Compute grid¶
We have a small cluster on which you can launch tasks. This grid uses slurm, which is the same system used at the Digital Research Alliance of Canada (formerly Compute Canada). Our resources are much more limited and the system configuration is different. However, the usage is very similar and most of the information on the wiki's task submission page is valid. https://docs.computecanada.ca/wiki/Running_jobs/en
Computing Grid Rules¶
- Don’t run jobs on the slurm machine
- Ensure that you use the right amount of memory for your job
- Ensure that you use the right number of cores required by your job
- Ensure that your jobs can run for at least 10 minutes
- Use the right partition for your work
- optimum for jobs less than 2 days (10 machines)
- optimumlong for jobs less than 7 days (1 machine)
- You should use /scratch for heavy I/O
Server Nodes¶
Here is a brief description of the machines that are available in the compute grid.
- 11 Dell PowerEdge R740 machines
- 512GB of memory
- 2 Intel Xeon Gold 6258R CPU @ 2.70GHz (56 cores total)
Billing¶
In the system, there is a billing of the resources consumed. This billing does not incur any charges to users but is used to determine what each has used and calculate task priority.
So if for example you request 8 processors, wether you use 8 or 1, as they have been reserved for you, they will be calculated as being used and invoiced.
slurm¶
Task submission¶
For all slurm commands (squeue, sbatch, etc), you must connect by ssh to the slurm machine.
sbatch¶
Command to submit a job to the cluster.
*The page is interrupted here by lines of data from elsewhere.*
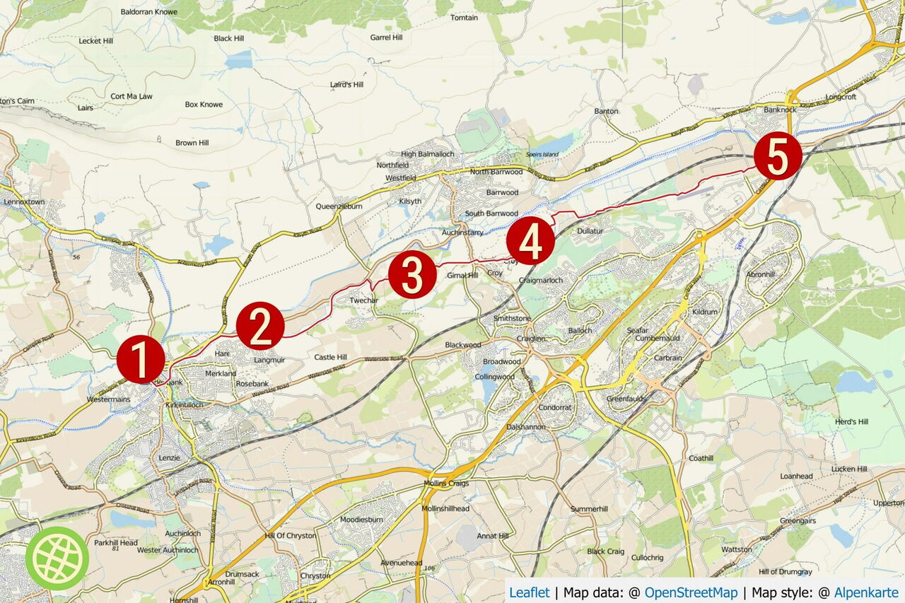 Mittelschwere Wanderung aufgrund ihrer Länge und des erhöhten Navigationsaufwands wegen der vielen Abzweiger. Art des Weges: 20 % Pfad, 40 % Piste und 40 % Straße. Zusatzausrüstung: Keine. Einkehr: am Anfang und am Ende der Wanderung. Beste Wanderzeit: Ganzjährig. Sehenswert Region: die Kelvingrove Art Gallery und Museum, Entfernung 18 km, Geokoordinaten 55.868625 -4.290733, und das Riverside Museum of Transport and Technology, Entfernung 18 km, Geokoordinaten 55.865175 -4.306314.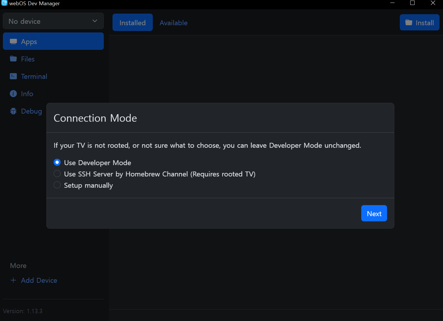 - Address : TV의 Developer Mode 앱에 있는 IP Address를 적어줍니다 (두 개 있는데 하나는 유선 하나는 무선이므로 숫자 적힌 거 적어주시면 됩니다.)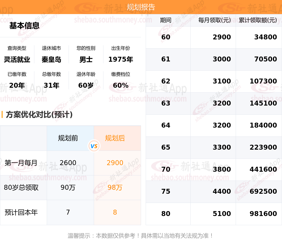 规划前:参保城市:河北秦皇岛,性别:男士,出生年月:1975,已缴年限:20年,总缴年数:31年,退休年龄:60岁,缴费档位:60%。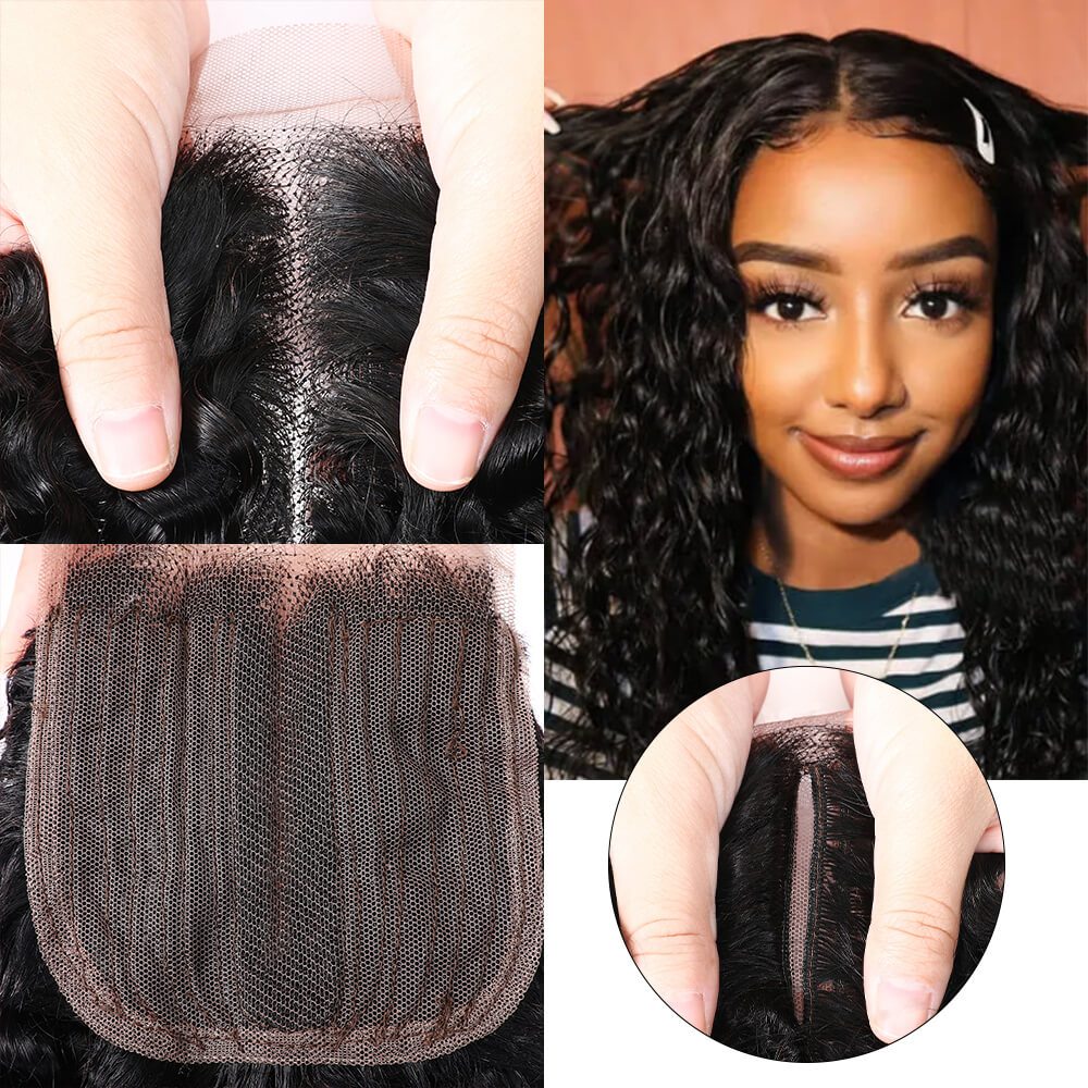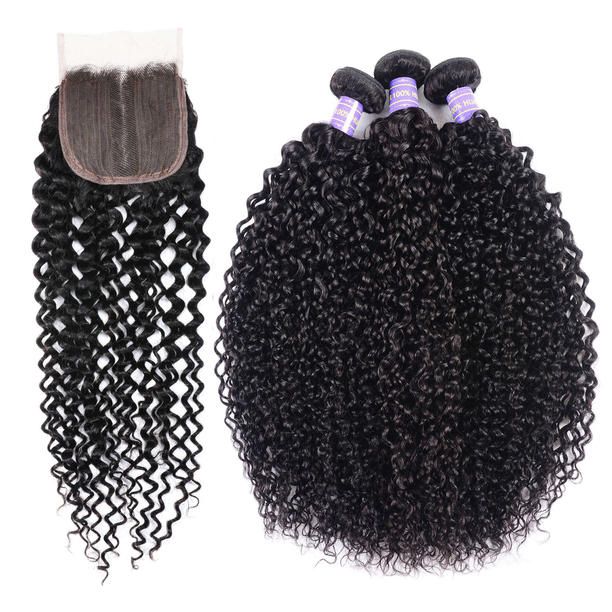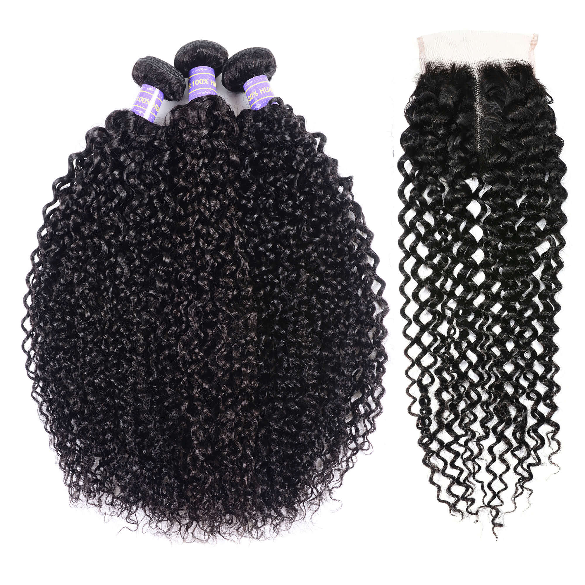 Hurela Brazilian Hair Curly Weave 3 Bundles With T Part Lace Closure

You can put the parameters in the submission script or pass them on the command line or do a combination of the 2.
To submit a job, simply do the following:
$ sbatch «slurm_script_filename»
Here are the most used parameters:
--cpus-per-task
: Number of processors that will be used by the program. It is important that this number matches what the program does. Some software like cplex and gurobi try to use all processors unless they are restricted. In this example, we would have cplex which will run 56 parallel threads which will all run on a single processor which is not the right way to do it.--mem
: The memory the program needs. If this memory is exceeded, the task is cancelled.--time
: the time required to complete the task. If this limit is exceeded, the task is cancelled.--output
: To specify the name of the file that will contain the output of the program. In this specific case, we send this output to /dev/null which has the effect that no trace remains. If you need this output be sure to minimize the amount of information displayed and change the name of the output file.--partition
: Partition to use. By default, this will be optimum. This partition allows tasks up to 2 days. long partition optimumlong allows tasks up to 7 days but, there is only one machine available in this group.--nodelist=
: Use this option if you need to specify particular compute nodes on which to run. Multiple nodes can be separated with commas or specified as a list such as optimum[01-03]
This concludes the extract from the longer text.